The patch should be included in the daily builds available at
https://dev-builds.libreoffice.org/daily/ in the next 24-48 hours. More
information about daily builds can be found at:
https://wiki.documentfoundation.org/Testing_Daily_Builds

Affected users are encouraged to test the fix and report feedback.
Comment 9 Mike Kaganski 2023-11-14 05:57:53 UTC
Let's call this fixed. Both Find and Replace should now do the right job. As opposed to AutoFilter, which seems to not work before, and with https://gerrit.libreoffice.org/c/core/+/159395, which I -1'ed, because it is not enough.

Please file a new bug for AutoFilter method.
Comment 10 Mike Kaganski 2023-11-14 06:33:28 UTC
Eike: in f84b8c03462238b821724b7f504ad141c83fcf8f and 1f3357013ba1f319a3bcddf4c9a658c46e8c0390, you mentioned '\' as an escapement character in context of "search in Word". But I was under an impression that MS Office defines only '~' as the wildcard escapement character, also in Word ... what was the story there?
Comment 11 Mike Kaganski 2023-11-14 06:41:42 UTC
Possibly there's some confusion, with "wildcards" used on MS Office differently in different context.

Excel:
https://support.microsoft.com/en-us/office/using-wildcard-characters-in-searches-ef94362e-9999-4350-ad74-4d2371110adb

Word:
https://learn.microsoft.com/en-us/office/dev/add-ins/word/search-option-guidance

Access:
https://support.microsoft.com/en-us/office/examples-of-wildcard-characters-939e153f-bd30-47e4-a763-61897c87b3f4

What is implemented in LibreOffice is the Excel syntax; and backslash here is not applicable. I'd expect *at least* have the default value of css::util::SearchOptions2::WildcardEscapeCharacter (and i18nutil::SearchOptions2::WildcardEscapeCharacter) to be '~', which would let me avoid the API CHANGE that I made in the last commit, only to set the escapement character - Eike, what do you think?
Comment 12 Eike Rathke 2023-11-15 13:06:03 UTC
(In reply to Mike Kaganski from comment #10)
> Eike: in f84b8c03462238b821724b7f504ad141c83fcf8f and
> 1f3357013ba1f319a3bcddf4c9a658c46e8c0390, you mentioned '\' as an escapement
> character in context of "search in Word". But I was under an impression that
> MS Office defines only '~' as the wildcard escapement character, also in
> Word ... what was the story there?
IIRC the Find&Replace (or whatever it's called) dialog in Word uses (used?) \ backslash as escape character, but I don't really remember..
I added support for an arbitrary escape character in case Writer wanted to implement MS wildcard search as well, which it never did.

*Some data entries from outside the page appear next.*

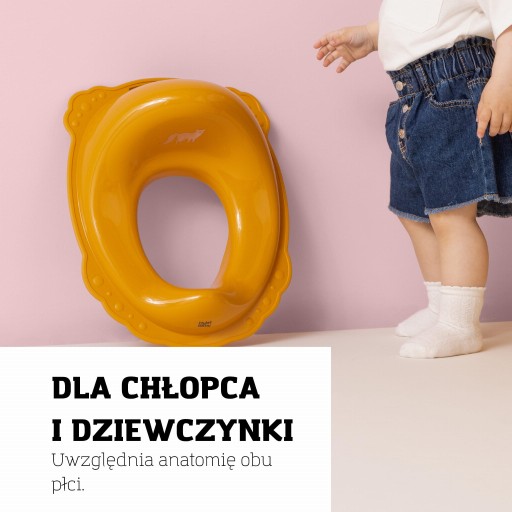 ЕРГОНОМІКА - Накладка призначена як для хлопчиків, так і для дівчаток. Він враховує анатомію обох статей. Форма і розмір дитячого сидіння для унітазу адаптовані до 99% всіх унітазів. Це чудове рішення для сімей, які багато подорожують, адже дитина може користуватися сидінням унітазу і в громадських туалетах.
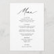 Informe aos seus convidados o que há no menu com este elegante cartão de menu 5x7, com um script preto e um design elegante.
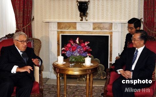 中国总理温家宝23日在纽约会见美国前国务卿基辛格。中新社发 李静 摄
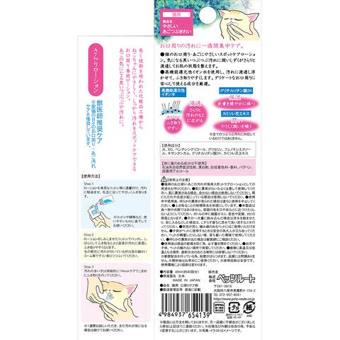 | 特長 | ●猫のお口周り・あごにやさしいスポットケアローションで、気になる黒いつぶつぶ汚れに潤いしずくがさらりと浸透してお肌の状態を整えます。 ●高機能還元性イオン水を使用し、汚れに浸透し浮かせて、ふき取りやすくします。 ●デリケートなお口周りに安心して使える成分を厳選しています。 |

(In reply to Mike Kaganski from comment #11)
> Possibly there's some confusion, with "wildcards" used on MS Office
> differently in different context.
Possibly as well..

> What is implemented in LibreOffice is the Excel syntax; and backslash here
> is not applicable. I'd expect *at least* have the default value of
> css::util::SearchOptions2::WildcardEscapeCharacter (and
> i18nutil::SearchOptions2::WildcardEscapeCharacter) to be '~', which would
> let me avoid the API CHANGE that I made in the last commit, only to set the
> escapement character - Eike, what do you think?
To me, the \ backslash escape character is more "natural" (like in all shell and regex context), and the ~ tilde character is only some Microsoft quirk. The wildcard search itself using ?* is not MS-specific, only ~ is.

Changing the default value would be not only an API CHANGE but an INCOMPATIBLE API CHANGE, so I'd rather avoid that.